As long as market volume remains light or the trading range is narrow, one can expect successful trading to remain elusive. The RRR** has been wider on volatile sessions lately and is expected to become more so as 2012 ends and 2013 begins, but a lot of guessing remains. Correctly 'guessing', of course, is the tricky part of the successful trading equation. Any trades today will probably end up on the meager side of profitability if you are lucky as most trades have been less than optimal during the past year.

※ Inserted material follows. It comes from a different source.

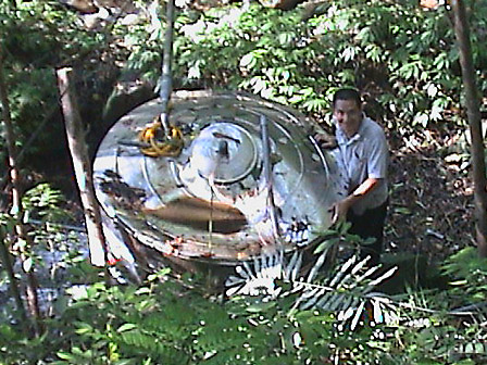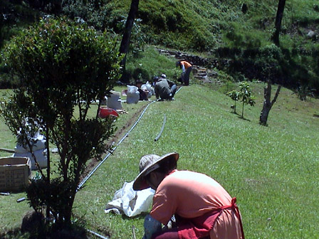 讲师立即发挥他超人的行动力,带着义工群—挖管道、埋水管,一路接了好长好长、又上又下的管路,而最难以想像的是,在那连人走路都惊险的路径下,是如何的在脑力、及绳索及体力的激荡下,将那又圆又重又大的水塔毫发无伤的,让它在数百米外的幽谷下新居落成呢?

I also have continuing issues with some pundits, writing almost every day, that there are setups for day trading. This may be true enough, but the trading range is so narrow that way too money has to be put on the table just to get back meager gains. Do not fall into the trap of money burning a hole in your pocket, sit tight better days are coming. Watch for increasing volume to signal improved trading.
Swing trading is also at your own risk for all the reasons mentioned above. Because the market is at a crossroads of sorts, I would prefer to sit on my hands as the markets are currently untradable. Guessing where the market is going to be tomorrow or next week, at this time anyway, can be a foolish and costly endeavor.
The DOW at 1:15 is at 13332 up 228 or 1.74%.
The SP500 is at 1415 up 25 or 1.75%.
SPY is at 144.91 up 2.49 or 1.75%.
The $RUT is at 869.17 up 19 or 2.34%.
NASDAQ is at 0389 up 70 or 2.33%.
The longer trend is up, the past months trend is bullish and the current bias is sideways.
WTI oil was up this morning and is currently trading down at 92.96 trading between 93.87 and 91.60 and the bias is negative.
Brent crude was up earlier and is currently trading up at 112.25 trading between 111.18 and 112.90 and the bias is negative.
Gold was up this morning. Currently trading down at 1688.75, trading range is between 1670.70 and 1694.60 with a negative bias.
Dr. Copper is at 3.74 rising from 3.66 earlier.
The US dollar gaped down from 79.86 earlier to 79.65 and is currently trading down at 79.99 after climbing like a skyrocket up and through the gap left from this morning opening creating a new high for the day at 80.03.
Expect the markets to follow this trend down.